(PROVIDED DATA):

----

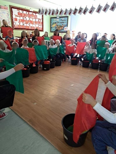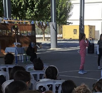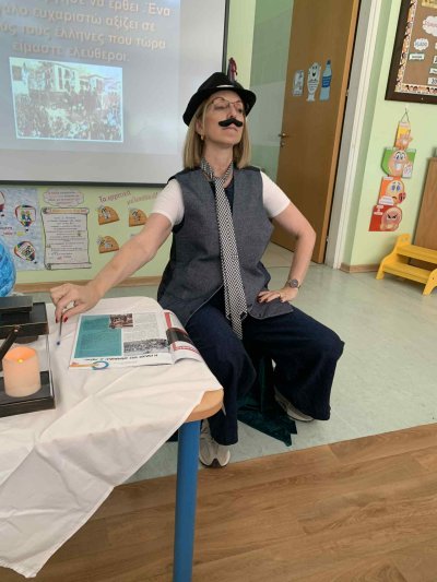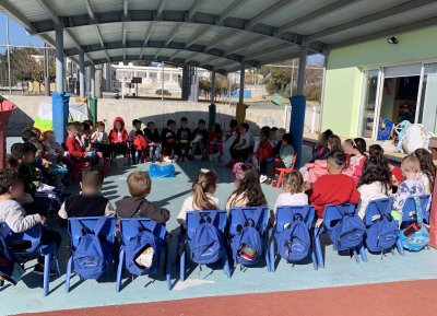 Γιορτή των Γραμμάτων και τα παιδιά παρακολουθούν θεατρική παράσταση από τις δασκάλες του σχολείου με τίτλο ΄΄Μακάρι να μπορούσα... να διαβάσω΄΄ (Γιολάντα Τσωρόνη - Γεωργιάδη).
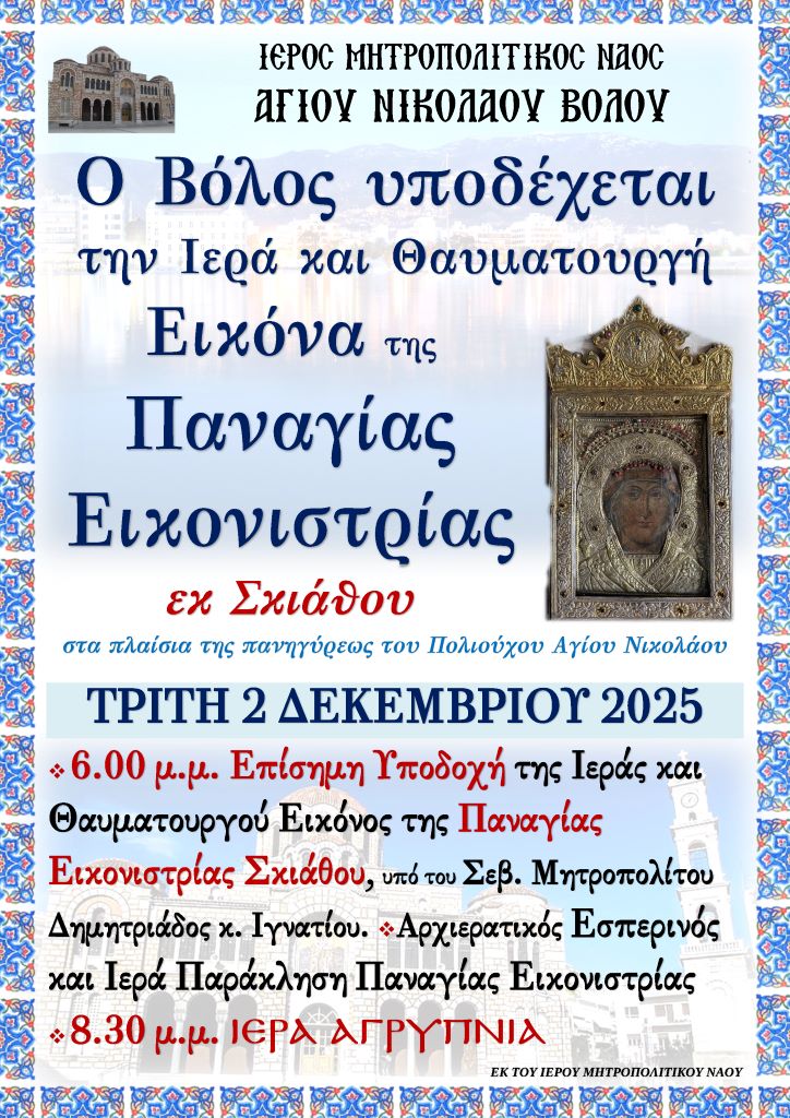 Η Ιερά Εικόνα θα αφιχθεί στον Μητροπολιτικό Ναό του Βόλου την Τρίτη 2 Δεκεμβρίου 2025, στις 6μ.μ., στο πλαίσιο της ιεράς πανηγύρεως του Πολιούχου του Βόλου Αγίου Νικολάου. Την Παναγία Εικονίστρια θα υποδεχθεί επισήμως ο Σεβ. Μητροπολίτης Δημητριάδος κ. Ιγνάτιος, επικεφαλής του ιερού Κλήρου και του ευσεβούς λαού.
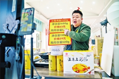 主播正在推荐汪集鸡汤。长江日报记者刘帅摄
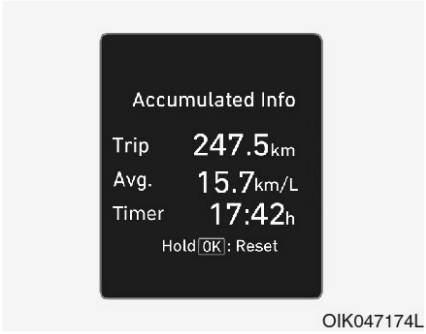 欲手動重設資訊時,可在查看累積駕駛資訊時按住 OK 按鈕。旅程距離、平均燃油經濟性以及總駕駛時間將會同時歸零。

----

(PROBLEM TO WORK ON):
Set down the data above word for word, leaving every picture out.

(FINISHED TASK):
 Γιορτή των Γραμμάτων και τα παιδιά παρακολουθούν θεατρική παράσταση από τις δασκάλες του σχολείου με τίτλο ΄΄Μακάρι να μπορούσα... να διαβάσω΄΄ (Γιολάντα Τσωρόνη - Γεωργιάδη).
 Η Ιερά Εικόνα θα αφιχθεί στον Μητροπολιτικό Ναό του Βόλου την Τρίτη 2 Δεκεμβρίου 2025, στις 6μ.μ., στο πλαίσιο της ιεράς πανηγύρεως του Πολιούχου του Βόλου Αγίου Νικολάου. Την Παναγία Εικονίστρια θα υποδεχθεί επισήμως ο Σεβ. Μητροπολίτης Δημητριάδος κ. Ιγνάτιος, επικεφαλής του ιερού Κλήρου και του ευσεβούς λαού.
 主播正在推荐汪集鸡汤。长江日报记者刘帅摄
 欲手動重設資訊時,可在查看累積駕駛資訊時按住 OK 按鈕。旅程距離、平均燃油經濟性以及總駕駛時間將會同時歸零。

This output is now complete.